And then abruptly the lights went out in every single compartment.
The blackness was absolute. People put up windows and looked out
into the viewless tunnel, until the vapours drove them back within.
Now down the line were heard hoarse shouts and echoes, and the
bobbing light of the guard’s lamp illuminated the sweating roof of the
tunnel as he passed along to interview the engine driver. In a few
minutes he came back, calling out, “Don’t be frightened, ladies and
gentlemen, there’s no danger.” Heads peered out once more into the
mephitic blackness, and the word went along that there had been a
breakdown on the line ahead and that their lighting had by an
unfortunate coincidence broken down as well. Everybody hoped that
the signals behind were as vigilant as those in front and that the red
lamps were burning bright to show that there was danger on the line.
“I aspeck the poor train wanted a rest, muvver,” said Letizia. “I
aspeck it was sleepy because it was out so late.”
“I know somebody else who’s sleepy.”
“P’r’aps a little bit,” Letizia admitted.
“Dear me, she must be tired,” her mother said across the darkness
to the nun. “Well, then, put your head on my lap, old lady, and go
right off to sleep as soon as ever you can.”
For some time the two grown-ups in the compartment sat in
silence while the little girl went to sleep. It was the nun who spoke
first.
“I wonder whether it will disturb her if we talk quietly? But this utter
blackness and silence is really rather dispiriting.”
“Oh, no, Sister, we shan’t disturb her. She’s sound asleep by now.”
“Does she always travel with you when you’re on tour?” the nun
asked.
“Until now she has. You see, my husband only died at Christmas
and we were always together with her. I am a little worried about the
future, because I can’t afford to travel with a nurse and landladies
vary and of course she has to be left in charge of somebody.”
“Yes, I can understand that it must be a great anxiety to you.”
Nancy thought how beautiful the nun’s voice sounded in this
darkness. While the train was moving, she had not realised its
quality, but in the stillness now it stole upon her ears as magically as
running water or as wind in pine-tree tops or as any tranquil and
pervasive sound of nature. In her mind’s eye she was picturing the
nun’s face as it had appeared when she was speaking of Italy, and
she was filled with a desire to confide in her.
“That is really the reason I’ve been to Brigham,” Nancy said. “I
thought that I ought to give my husband’s relations the opportunity of
looking after Letizia. Not because I want to shirk the responsibility,”
she added quickly. “Indeed I would hate to lose her, but I did feel that
she ought to have the chance of being brought up quietly. My own
mother died when I was very young, and my father who is on the
stage allowed me to act a great deal as a child, so that really I didn’t
go to school till I was over twelve, and it wasn’t a very good school,
because I was living in Dublin with an aunt who hadn’t much money.
Indeed I never really learnt anything, and when I was sixteen I went
back to the stage for good. I’m only twenty-four now. I look much
older, I think.”
“I shouldn’t have said that you were more than that,” the nun
replied. “But how terribly sad for you, my dear, to have lost your
husband so young. Many years ago before I became a nun I was
engaged to be married to a young Italian, and he died. That was in
Italy, and that is why I still always think of Italy as the loveliest
country and of Italian as the most beautiful language. But you were
telling me about your relations in Brigham.”
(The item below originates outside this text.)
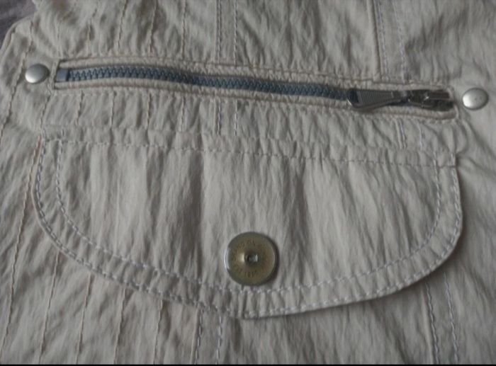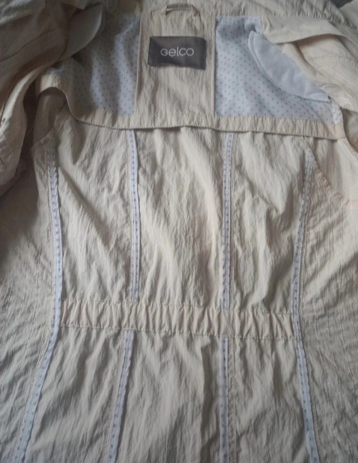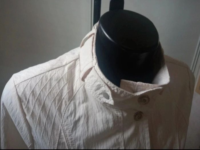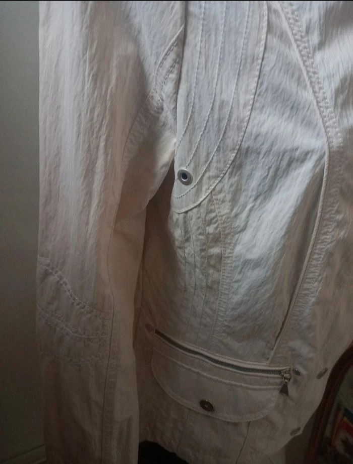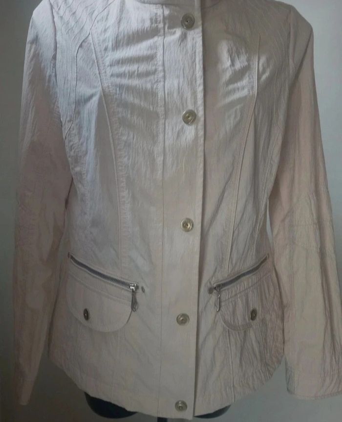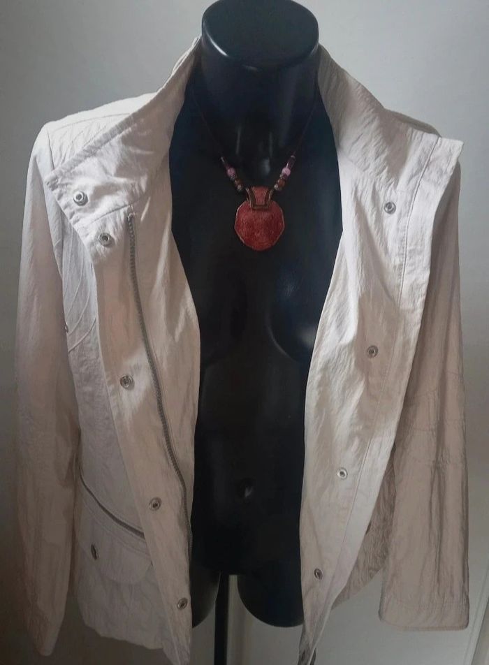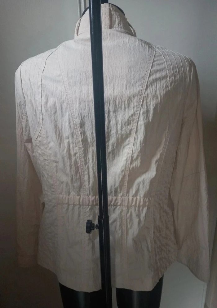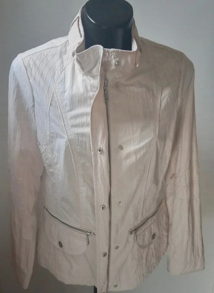Très belle veste coup vent Coloris crème Excellente état porté 1 fois Fermeture éclair plus boutons-pression 2 grandes poches Fermeture éclair. 100% polyester Dimensions Longeur 63,5 cm Épaules 40 cm Manche 63,5cm Aisselles 50 cm Envoie soigné avec mondial relay ou Chronopost N'hésitez pas à regarder mes autres offres Réduction sur lot . Merci de votre visite .

Nancy gave an account of her visit, and particularly of the
interview with Letizia’s great-grandmother.
“I think the old lady was quite right. I cannot imagine that bright
little sleeping creature was intended to be brought up in such
surroundings. Besides, I don’t think it is right to expose a Catholic
child to Protestant influences. Far better that you should keep her
with you.”
“Yes, but suppose I cannot get an engagement? As a matter of
fact, I have only a pound or two left, and the prospect is terrifying
me. I feel that I ought to have gone on acting at Greenwich. But to
act on the very stage on which my husband had died in my arms! I
couldn’t. I simply couldn’t have done it.”
“My dear, nobody would ever dream of thinking that you could. It’s
cruel enough that you should have to act on any stage at such a
time. However, I feel sure that you will soon get an engagement.
Almighty God tries us in so many ways—ways that we often cannot
understand, so that sometimes we are tempted to question His love.
Be sure that He has some mysterious purpose in thus trying you
even more hardly. Nobody is worth anything who cannot rise above
suffering to greatness of heart and mind and soul. Do not think to
yourself that a foolish old nun is just trying to soothe you with the
commonplaces of religious consolation. To be sure, they are
commonplaces that she is uttering, but subtleties avail nothing until
the truth of the great commonplaces has been revealed to the
human soul. Our holy religion is built up on the great commonplaces.
That is why it is so infinitely superior to the subtleties of proud and
eccentric individuals as encouraged by Protestantism. What a long
time we are waiting in this darkness! Yet we know that however long
we have to wait we shall sometime or other get out of this tunnel.”
“Yes, but if we wait much longer,” said Nancy, “I will have another
problem to face when we get to London, for I will never dare arrive
back at my present landlady’s too late.”
“I can solve that problem for you, at any rate,” said the nun. “I shall
be met at Euston by a vehicle, and I know that our guest-room is free
to-night. So don’t let your night’s lodging worry you.”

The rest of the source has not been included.